NEW YORK -- Given up for dead earlier this year, a proposal by Travelers Group Inc. to contribute stock options to its $2.3 billion 401(k) plan apparently is still breathing.
Sources say Travelers executives are trying to reconfigure parts of the proposal in hopes of winning approval from the Internal Revenue Service and the Department of Labor. Among the issues, they say, are:
Vesting and potential loss of value by participants who leave the company before being allowed to fully exercise the options.
According to a benefits consultant with connections to Travelers, "the deal killer" in the original proposal centered around vesting issues. "If they provide a plan in which all participants are fully vested after five years and the options are fully exercisable whether you are an employee or not, I believe it could move closer to approval," the consultant said.
The timing of tax deductions for stock option contributions.
Travelers executives apparently are flexible on vesting and how deductions are handled.
Sources said the vesting issue could be addressed if the IRS reconsiders the original proposal, which would allow a deduction when the options are exercised. It was the IRS, they said, that insisted on the up-front valuation approach.
The IRS initially had ruled Travelers could deduct from its corporate taxes the value of the options as of the date the contribution is made to the plan.
But industry experts complained the options would be withdrawn from participants who left the company before they could exercise them, even though treated as vested, because the options would only be exercisable while an employee.
Both government and Travelers officials emphasized the company's request to contribute stock options to its 401(k) plan, on a non-matching basis, is still alive. But none would confirm the proposal is being modified.
A Labor Department official would say only that Travelers' application for a prohibited transaction exemption ruling is on hold pending action by the IRS.
Travelers lawyers on the speaker circuit, however, are talking about the proposal and how it could be modified.
Travelers lawyers Richard Green and Stuart Lewis made one such presentation at an American Bar Association seminar in New York earlier this month.
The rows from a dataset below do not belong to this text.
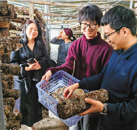 浙江庆元香菇“科技小院”研究生吴杰焘(右一)、芮利群(右二),在丽水学院教师吴庆红(左一)的指导下在庆元大坑村菇民家观察香菇长势。图片由受访者提供
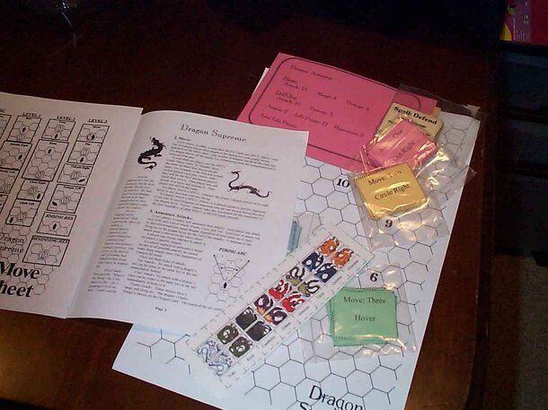 This is a 'dragon dogfighting' game. Each player has a dragon card that lists a unique combination of attributes such as attacks, armor, hit points, and maneuvers. It is played on a plain hex grid, with cardstock hex playing pieces that indicate facing direction. Each turn, all players select a maneuver from a list of those allowed (which depends on the...
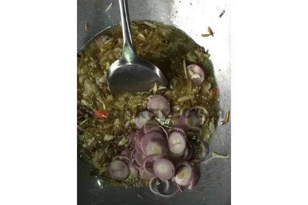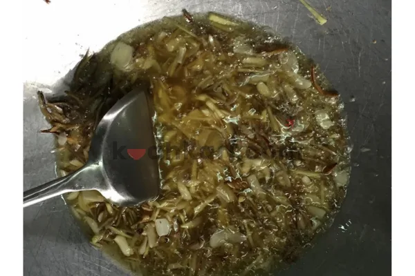 Apabila ikan bilis sudah menguning, kau masukkan taucu. Kacau rata
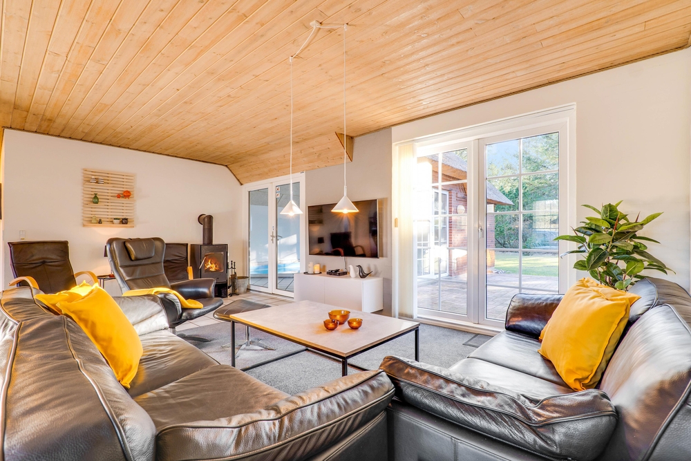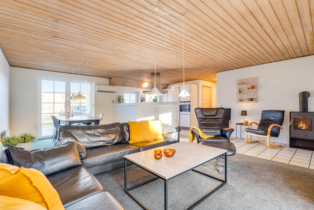 Når I tænder op i brændeovnen i stuen om aftenen, sænker roen sig efter en god og aktiv dag i den Vestjyske natur.
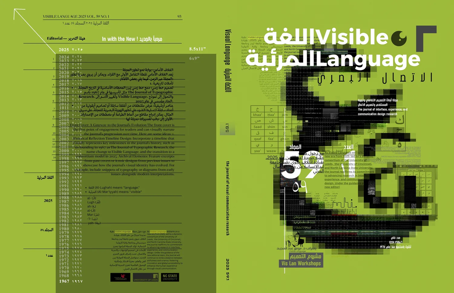 Student cover design inspired by Visible Language Vol. 59.1 (2025), In with the New!. This bilingual reinterpretation mimics the original cover while integrating Arabic “اللغة المرئية” and English “Visible Language” through pixelated layering and typographic fragmentation. Both scripts are given equal visual prominence, reflecting dialogic hybridity within the postmodern design framework. Here, mimicry functions both as a technical exercise and a critical lens, exposing the challenges of adapting Latin-centric design strategies to Arabic typographic structures.
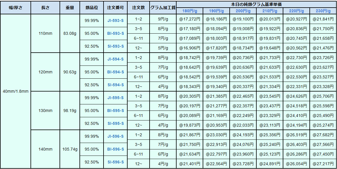 バングル用カット銀板ⅩⅧ(幅40mm)バングル用純銀板・バングル用950銀板・バングル用925銀板:井島貴金属精錬株式会社

According to one lawyer present, the Travelers' attorneys said the company is willing to defer its deduction for contributing the options to the plan until they are exercised, rather than taking the full deduction up front.
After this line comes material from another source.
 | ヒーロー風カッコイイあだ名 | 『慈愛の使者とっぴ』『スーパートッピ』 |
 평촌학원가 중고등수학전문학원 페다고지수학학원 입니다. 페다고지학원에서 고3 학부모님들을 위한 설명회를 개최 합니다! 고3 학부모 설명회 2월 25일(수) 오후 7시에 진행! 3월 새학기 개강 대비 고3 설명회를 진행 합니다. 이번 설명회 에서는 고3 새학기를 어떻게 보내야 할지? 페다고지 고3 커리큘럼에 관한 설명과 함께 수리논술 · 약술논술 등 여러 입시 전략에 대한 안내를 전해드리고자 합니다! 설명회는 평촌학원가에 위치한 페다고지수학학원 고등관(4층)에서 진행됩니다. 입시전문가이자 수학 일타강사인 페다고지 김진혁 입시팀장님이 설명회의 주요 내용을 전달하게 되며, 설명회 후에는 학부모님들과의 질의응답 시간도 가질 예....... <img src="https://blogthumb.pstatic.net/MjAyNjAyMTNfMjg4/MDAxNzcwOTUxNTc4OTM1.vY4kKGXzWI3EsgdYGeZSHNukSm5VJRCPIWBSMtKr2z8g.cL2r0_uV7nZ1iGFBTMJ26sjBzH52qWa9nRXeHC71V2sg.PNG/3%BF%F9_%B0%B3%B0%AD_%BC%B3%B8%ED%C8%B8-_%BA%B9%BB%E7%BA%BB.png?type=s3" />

"The sense I have is that they wouldn't be out talking about it if they weren't optimistic" of winning government approval, said the lawyer who attended the seminar.
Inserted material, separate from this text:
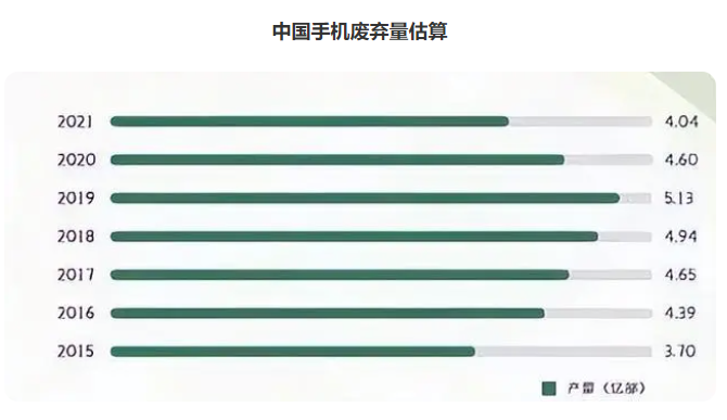 以手机市场为例,中国循环经济协会近期发布的一份报告提到,近五年来我国平均每年的手机销量达到4.3亿部,占全球手机总销量的30%;
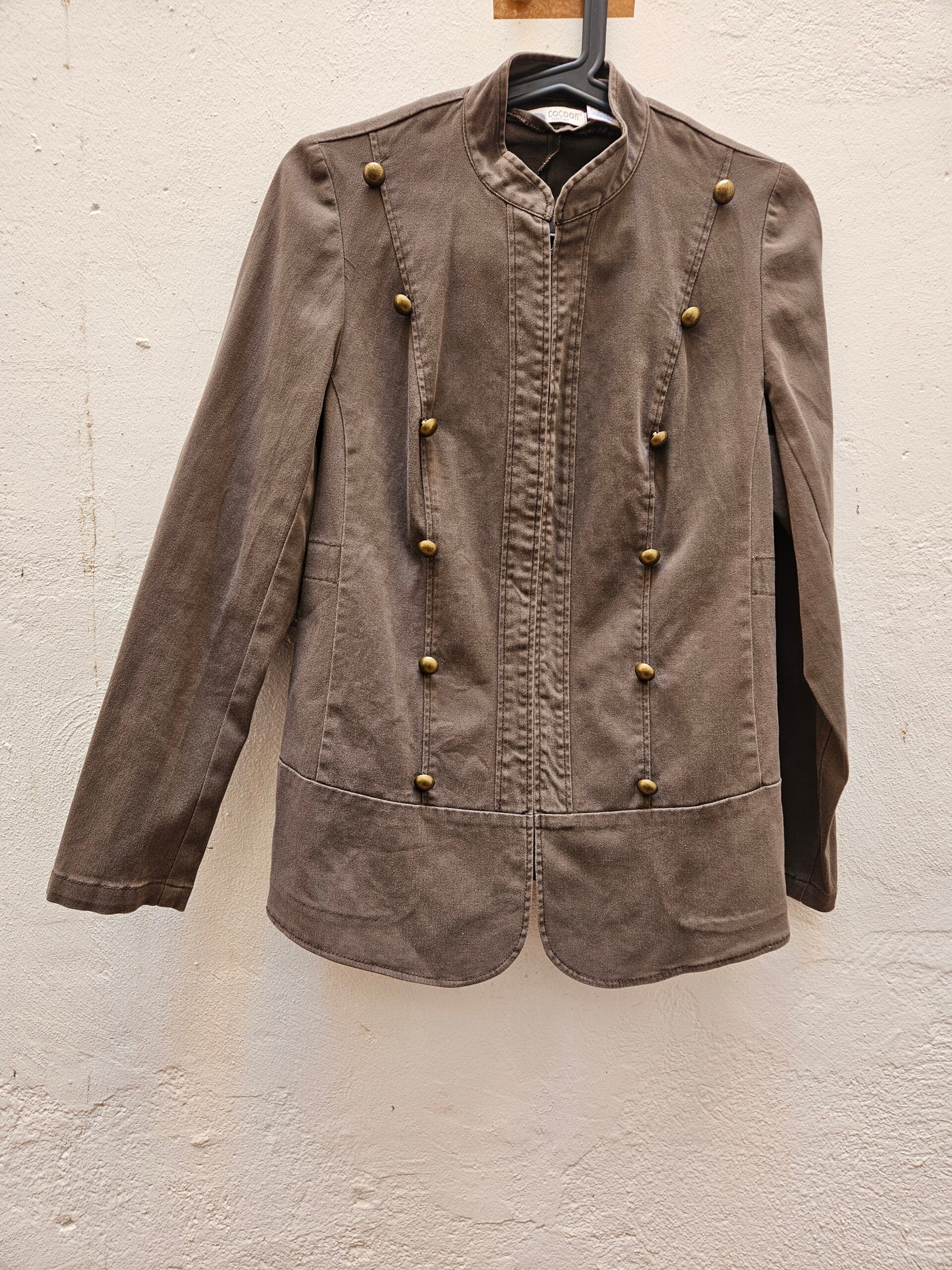 Blazer / americana marrón como nueva. Es tipo tejana. Los botones son decorativos. Es la talla 38, de la marca Cocoon. De axila a axila mide 47cm, de hombros 36cm y de largo 61cm.

"It sounded like they are talking with the IRS in an effort to iron out the obstacles . . .," the attorney said.
Mr. Green, Travelers' internal counsel, declined to comment, but sent word through a spokesman that his remarks before the ABA "were made before a private forum and not designed for public consumption."
The innovative concept developed by Travelers to contribute stock options to its 401(k) plan was thought to be headed for swift approval earlier this year following the IRS' determination letter on the qualification of the plan and its private-letter ruling on various tax issues.
Labor Department approval also seemed likely, until the proposal came crashing down amid questions about vesting, deductibility and how the options would be exercised.
The IRS subsequently announced it was reconsidering its approval. The DOL promptly put the Travelers application on hold. That's how the matter has stayed.
A Labor Department spokesman said the Travelers application "is still active until it is withdrawn."
"We are still waiting on the (Internal Revenue) Service. We need to see what the service is going to do; it is still quiet."
Travelers proposed to contribute options worth 10% of each employee's pay, up to $40,000. The options would be exercisable in 20% increments over the first five years after they were contributed and would expire after 10 years. In general, a participant only would be able to exercise the options while still an employee of the Travelers Group.
The Travelers proposal has generated substantial interest. Several plan sponsors are said to be ready to follow Travelers' lead.
Said Michael P. Barry, managing director at Bankers Trust Co., New York: "Someone will figure a way to get through the regulatory gamut. Having done so, it will open things up for everyone. But I think the big issue is the vesting issue."
Such a program can be advantageous to the plan sponsor. Travelers, for example, gets a tax deduction and can conserve cash while achieving its corporate goal of expanding stock ownership by its employees.
One benefit is how stock option contributions to the plan would be reflected on corporate financial statements. Usually, companies only can deduct, as an expense, the cost of stock options when they are exercised by employees.
Accounting practices do not require option grants to be reflected on corporate books at the time they are granted, even though a tax deduction is taken. When the option is exercised, the difference between the value of the stock and the exercise price is accounted for as a dilution of common equity and the option is not reflected on the company's profit and loss statement.